BRIEF DESCRIPTION OF THE DRAWINGS
[0015] Further features of the disclosure, its nature and various
advantages, will be apparent upon consideration of the following
detailed description, taken in conjunction with the accompanying
drawings, in which like reference characters refer to like parts
throughout, and in which:
[0016] FIG. 1 is a block diagram of an exemplary computerized
system for quantifying the response of a biological network to a
perturbation.
[0017] FIG. 2 is a flow diagram of an exemplary process for
quantifying the response of a biological network to a perturbation
by calculating a network perturbation amplitude (NPA) score.
[0018] FIG. 3 is a graphical representation of data underlying a
systems response profile comprising data for two agents, two
parameters, N biological entities.
[0019] FIG. 4 is an illustration of a computational model of a
biological network having several biological entities and their
relationships.
[0020] FIG. 5 is a flow diagram of an exemplary process for
generating a geometric perturbation index (GPI) score.
[0021] FIG. 6 is a flow diagram of an exemplary process for
generating a probabilistic perturbation index (PPI) score.
[0022] FIG. 7 is a flow diagram of an exemplary process for
generating an expected perturbation index (EPI) score.
[0023] FIG. 8 is a flow diagram of an exemplary process for
generating a confidence interval for a geometric perturbation index
(GPI) score.
[0024] FIG. 9 illustrates a biological network model analyzed with
the systems and methods disclosed herein.

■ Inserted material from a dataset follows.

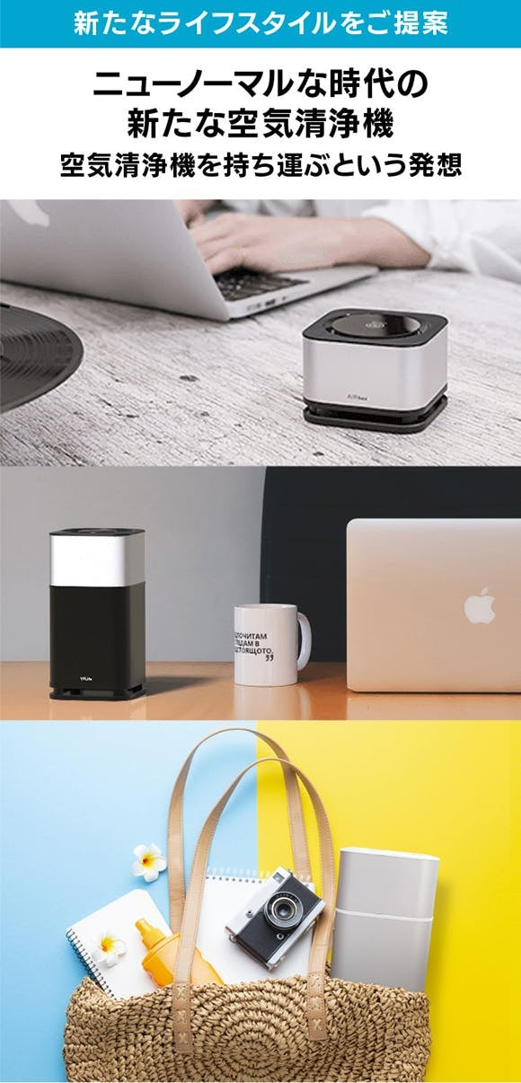 私たちは、「空気清浄機を持ち運ぶ」という新たなライフスタイルをご提案したいという想いから、小型かつ高性能な空気清浄機をご紹介しております。
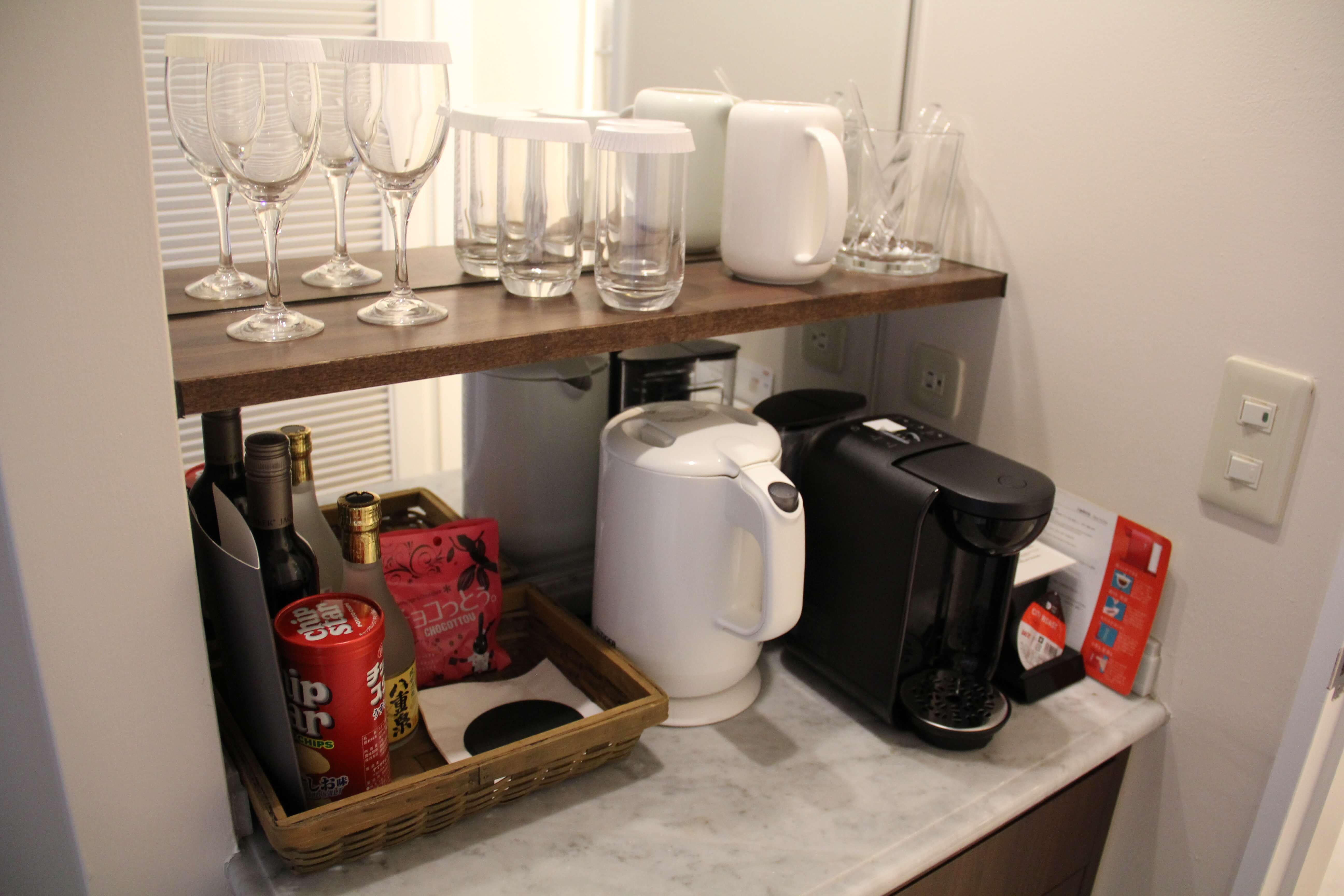 冷蔵庫上にはコーヒーマシーンやミニバーのドリンクやフードなどが並んでいます

[0025] FIGS. 10-14 illustrate network perturbation amplitude (NPA)
scoring results for the network-based biological mechanisms.
[0026] FIG. 15 is a block diagram of an exemplary distributed
computerized system for quantifying the impact of biological
perturbations; and
[0027] FIG. 16 is a block diagram of an exemplary computing device
which may be used to implement any of the components in any of the
computerized systems described herein.
DETAILED DESCRIPTION
[0028] The words "including" or "comprising" do not exclude other
elements or steps, and the indefinite article "a" or "an" does not
exclude a plurality. Described herein are computational systems and
methods that assess quantitatively the magnitude of changes within
a biological system when it is perturbed by an agent. Certain
implementations include or comprise methods for computing a
numerical value that expresses the magnitude of changes within a
portion of a biological system. The computation uses as input, a
set of data obtained from a set of controlled experiments in which
the biological system is perturbed by an agent. The data is then
applied to a network model of a feature of the biological system.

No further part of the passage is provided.